Good luck with the project.


----------



## STT GUY (Apr 23, 2014)

I don't think pole construction will be suitable for a building which has human occupancy, will it? 

Where do you live? Construction cost are all over the map depending on where you live. Here in SW Utah you cane still get a nice home for $120/square foot. I don't know where its going to cost $300 a square foot to build...that's $600k for a 2000 square foot home.:shock:


----------



## SlideStop (Dec 28, 2011)

I'm on Long Island, so everything is inflated here. My friends neighbor has a large barn 12 stalls w/ bathroom, huge tack room and feed are. Just to update it when she bought the property cost about $40,000 I believe. That's just keeping the actual structure and gutting most the inside!
_Posted via Mobile Device_


----------



## Zexious (Aug 2, 2013)

You say you're planning early... Exactly how early are we talking? If it's years... Well, the price of land/building materials/labor can fluctuate greatly in that time.


----------



## 2BigReds (Oct 7, 2011)

STT GUY said:


> I don't think pole construction will be suitable for a building which has human occupancy, will it?
> 
> Where do you live? Construction cost are all over the map depending on where you live. Here in SW Utah you cane still get a nice home for $120/square foot. I don't know where its going to cost $300 a square foot to build...that's $600k for a 2000 square foot home.:shock:


$600k for a 2000 square foot home? Sign me up! :lol: You're lucky you aren't in California... You could maybe get that in the CA central valley, but it will be run down and/or a short sale. 

It really does depend greatly on what area you're in, and as Zexious noted prices can fluctuate greatly in the matter of a few short years. The same house in Arkansas will cost a fraction of what it would in California, for example. Still, it's not a bad idea to get a current market rate for that just to have a starting point. You're thinking further ahead than I!


----------



## STT GUY (Apr 23, 2014)

SlideStop said:


> I'm on Long Island, so everything is inflated here. My friends neighbor has a large barn 12 stalls w/ bathroom, huge tack room and feed are. Just to update it when she bought the property cost about $40,000 I believe. That's just keeping the actual structure and gutting most the inside!
> _Posted via Mobile Device_


Not hard to spend 40k on a renovation of a barn that size.


----------



## STT GUY (Apr 23, 2014)

2BigReds said:


> $600k for a 2000 square foot home? Sign me up! :lol: You're lucky you aren't in California... You could maybe get that in the CA central valley, but it will be run down and/or a short sale.
> 
> It really does depend greatly on what area you're in, and as Zexious noted prices can fluctuate greatly in the matter of a few short years. The same house in Arkansas will cost a fraction of what it would in California, for example. Still, it's not a bad idea to get a current market rate for that just to have a starting point. You're thinking further ahead than I!

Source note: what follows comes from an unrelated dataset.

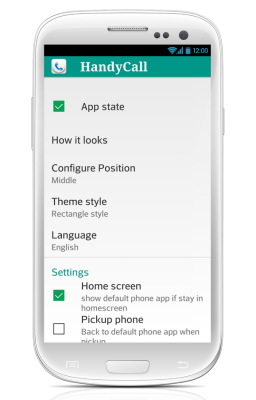 Segnalo anche che, dalle impostazioni di HandyCall, potrete scegliere tra due temi (circolare o quadrato) ed anche di stabilire la trasparenza e le dimensioni del popup.
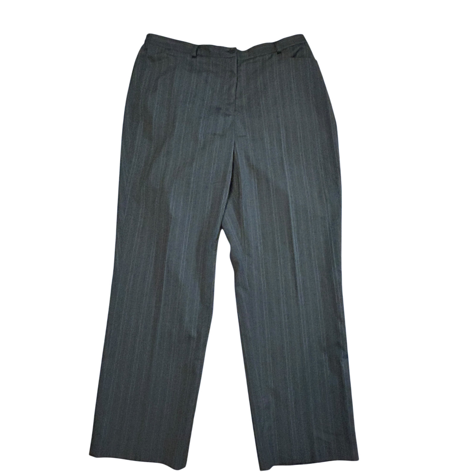 Schlichte, leichte Stoffhose in Kurzgröße 23 in Grau mit dezenten bräunlichen Streifen. Das Modell ist aus dünnem Polyestergewebe gefertigt und eignet sich besonders gut für wärmere Tage oder für den Büroalltag.

I can get a 5 acre horse property in Fallbrook or Temecula with a 2000 sq ft home, covered round pen, 8 to 10 stall barn for $600,000.


----------



## stevenson (Sep 12, 2011)

600G for how many acres ? water ? ag ? or private well ? community water ? 
There are still some overpriced places in CA central valley, but there also some good deals.

OP prices will change within a six month period. You can get an ideal of prices by looking at some premade barns ,as a low cost, but you need to make sure they are up to the building code and make sure the land is permitted to do what you want. You may have a piece of land, and then find out you cannot build a barn with occupancy .


----------



## STT GUY (Apr 23, 2014)

stevenson said:


> 600G for how many acres ? water ? ag ? or private well ? community water ?
> There are still some overpriced places in CA central valley, but there also some good deals.
> 
> OP prices will change within a six month period. You can get an ideal of prices by looking at some premade barns ,as a low cost, but you need to make sure they are up to the building code and make sure the land is permitted to do what you want. You may have a piece of land, and then find out you cannot build a barn with occupancy .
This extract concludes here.